▶ **Assignment**: Take from the entries below the stretch from the line with "- ULTRA COMPACT, LIGHTWEIGHT, STAY" through the line with "Hundreds of Riviera", and return it exactly, leaving the pictures out.
%%
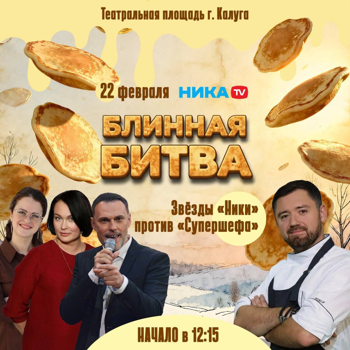 ! 22 февраля, в честь 35-летия телерадиокомпании «Ника» - угощаем блинами! Приглашаем вас на Театральную площадь Калуги на грандиозное шоу — «Блинную битву»! 🔥 В красном углу: звёзды эфиров — Татьяна Зимушина, Марина Глушенкова и Павел Селезнёв. 🔥 В синем углу: профессиональный супершеф — Юрий Семыкин. В роли судей - ВЫ! Кто приготовит вкуснее? Кто проявит больше креатива с начинками? Решать вам! 📺 Важно: Мы будем вести прямой эфир в ТВ и в наших соцсетях (старт в 12:15). НО! Никакая картинка не заменит живого праздника, аромата свежих блинов и свежей атмосферы! ✅ Поэтому ждём именно ВАС на Театральной площади! Приходите пробовать, болеть за любимых ведущих и вместе с нами отпраздновать юбилей «Ники». 🗓 Когда: 22 февраля ⏰ Начало эфира и действия: 12:15 📍 Где: Театральная площадь, Калуга Встречаем весну вкусно вместе с «Никой»! ❤️ 📺 Подписывайтесь на наш канал в Максе
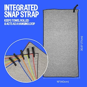 - ULTRA COMPACT, LIGHTWEIGHT, STAY CLEAN WITH HANGING LOOP: With an integrated snap strap closure that doubles as a hanging loop over the door, your backpack, or bottle. the large thin towel rolls up into a packable travel-friendly size. Perfect for anyone who travels light.
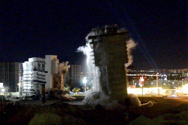Hundreds of Riviera fans, insomniacs or people who just enjoy the sight and sound of a big building being brought down gathered around the Riviera Tuesday morning to give it a send-off into history.
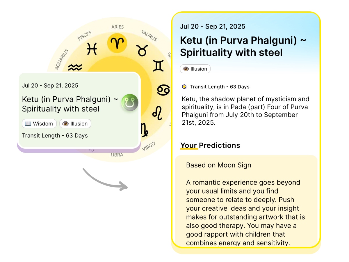 Ketu, the shadow planet of mysticism and spirituality, is in Pada (part) Four of Purva Phalguni from July 20th to September 21st, 2025.
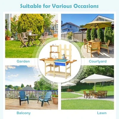 - Perfect Gift for Kids: This multifunctional outdoor play kitchen is an ideal childhood gift for children more than 3 years old. It gives toddlers infinite pleasure and learning desire. Parents can play with their children to improve good parent-child relationship.
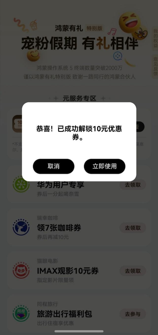 我今天就领了一张优惠券,在奈雪点单元服务给自己点了一杯华为专享的“奈雪茉莉初雪”,直接抵扣10元,相当于只花了0.01元,这波薅羊毛真是让喝到嘴里的奶茶都更甜了。各位假期归来的伙伴们,也别忘了看下自己的鸿蒙5手机里的鸿蒙有礼活动,抓住这个福利的尾巴,看看开工前还有什么羊毛可以薅,给自己的开工日加个油!
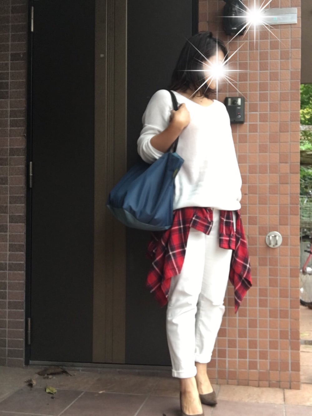 やってみたかったオールホワイトコーデ。 赤いネルシャツをポイントにしました。 オールホワイトじゃないですね…(笑) 幼稚園のマルシェに行ってきました。 手作り上手なママさん、尊敬します。
%%
▶ **Completed task**:
 - ULTRA COMPACT, LIGHTWEIGHT, STAY CLEAN WITH HANGING LOOP: With an integrated snap strap closure that doubles as a hanging loop over the door, your backpack, or bottle. the large thin towel rolls up into a packable travel-friendly size. Perfect for anyone who travels light.
Hundreds of Riviera fans, insomniacs or people who just enjoy the sight and sound of a big building being brought down gathered around the Riviera Tuesday morning to give it a send-off into history.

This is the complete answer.